While these psalms were being sung in the Temple court each morning of the festival, a priest would lead a procession of worshippers to the pool of Siloam where he filled a gold pitcher with water.
Remember that the passage in Leviticus 23 about Sukkot says that the worshippers were supposed to bring tree branches to the festival? Well, each morning the worshippers in this procession to the pool would wave their tree branches and sing and dance in the streets of Jerusalem, as the priest filled his golden pitcher and returned to the Temple.
Meanwhile back at the Temple, other priests had sacrificed an animal and had laid it on the altar. Its blood was then poured out at the base of the altar, to make atonement for sin.
The priest carrying the water from the pool of Siloam would come into the Temple court at the same time as another priest, who was carrying a golden pitcher of wine. The two of them together would mount the ramp to the platform that held the altar of burnt offering where the sacrifice lay.
The two priests would separate and stand by the sides of the altar itself, one priest on each side. Then simultaneously, as the crowd stood silently, each one would pour the contents of his pitcher down huge silver funnels that emptied at the base of the altar where the blood from the sacrifice had been poured earlier.
Are you picturing this? WATER AND WINE WERE POURED OVER A SACRIFICE. Everyone in the crowd saw this, as the priests poured into the funnels.
At this point the choir and the worshippers would continue with Psalm 118, shaking bundles of tree branches toward the altar and singing “O work then now salvation, LORD.”
And then they would sing this from Isaiah 12:
Behold, GOD IS MY SALVATION
I will trust and will not be afraid
For the LORD my God is my strength and my song
HE ALSO HAS BECOME MY SALVATION
(I keep using bold type for you, because I just want to SHOUT it!)
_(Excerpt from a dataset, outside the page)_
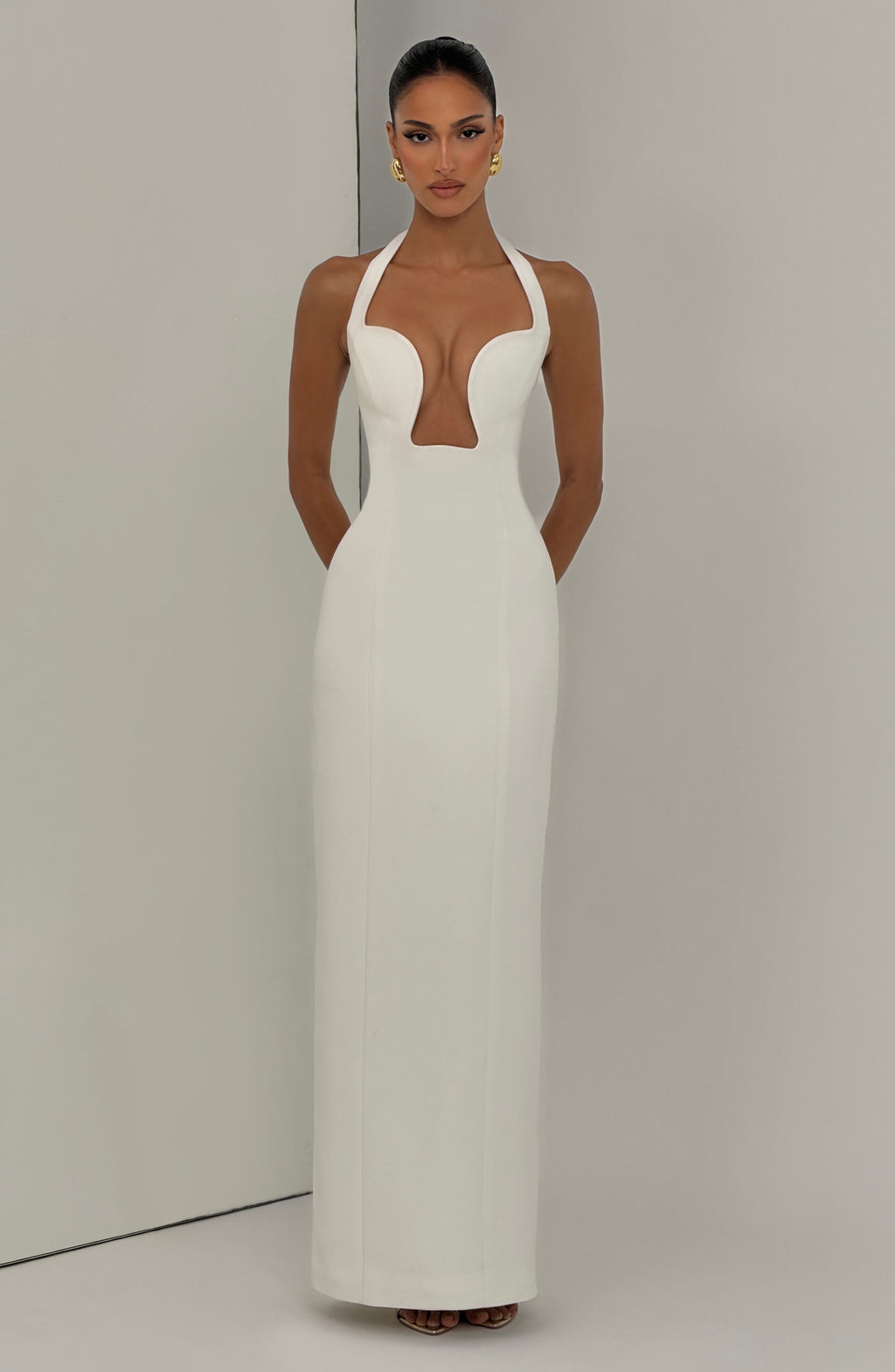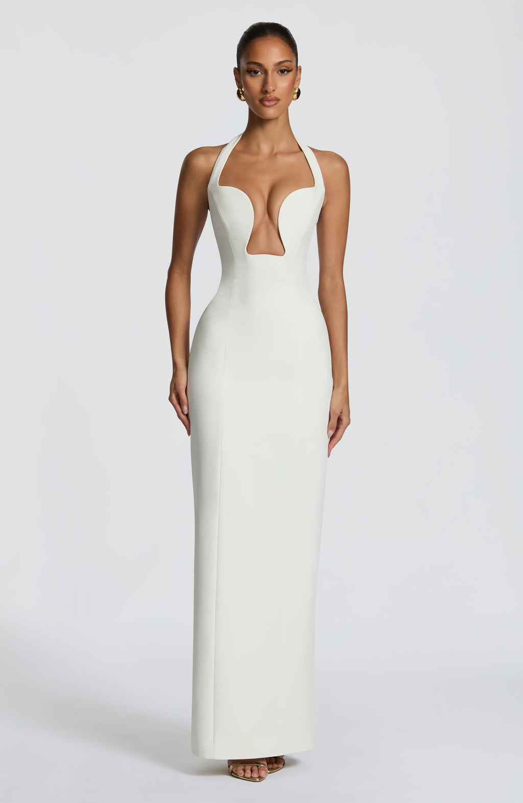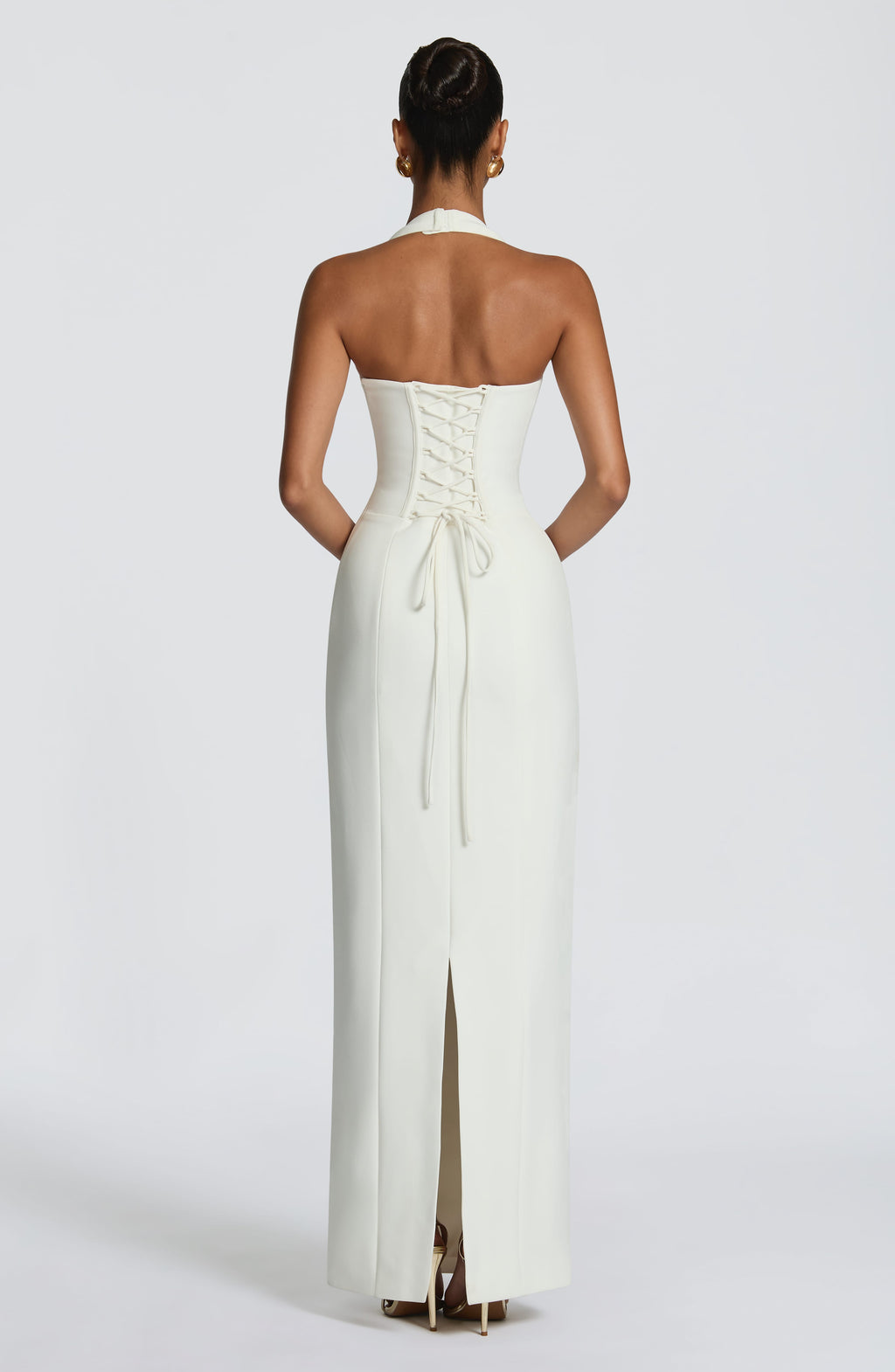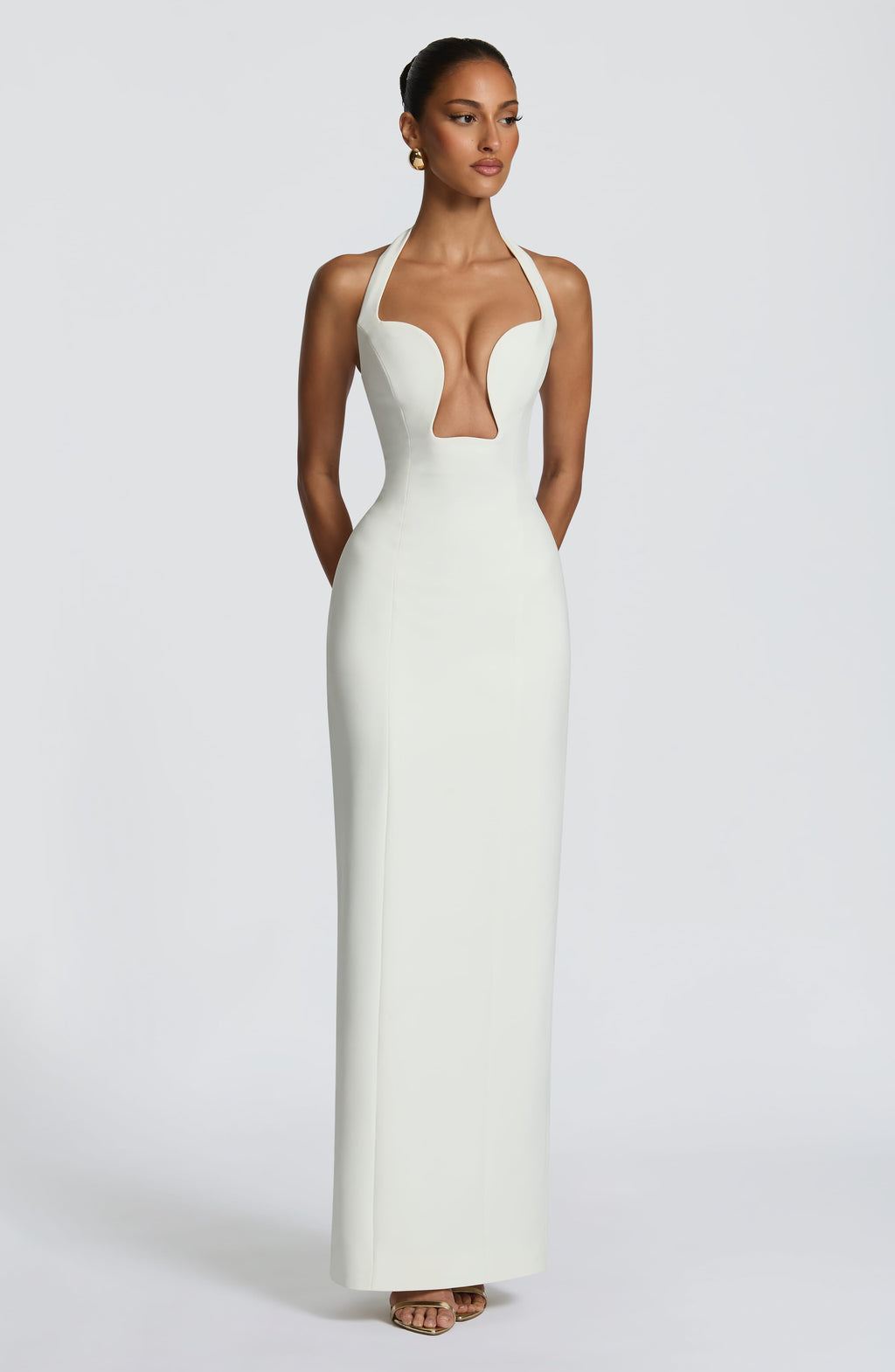 Charlotte Maxi Dress in ivory crepe features a shaped plunge neckline with halter straps and fitted bodice with lace-up back detailing for a cinched silhouette. Column skirt with centre back split. Non-stretch fabric.

Then the worshippers and choir would sing the next verse from Isaiah 12, which says
Therefore with JOY you will draw WATER from the WELLS OF SALVATION
THE WORD “SALVATION” HERE IN HEBREW IS “YESHUAH”! This is the word from which our Lord took His name in the earth, “Yeshua.” (I feel like jumping up and down right now as I am writing this!)
Now here’s something interesting. In the Talmud (a body of Jewish writings that include commentary on scripture) the ancient rabbis said that this water ritual at Sukkot indeed had something to do with asking God for rain for the coming year.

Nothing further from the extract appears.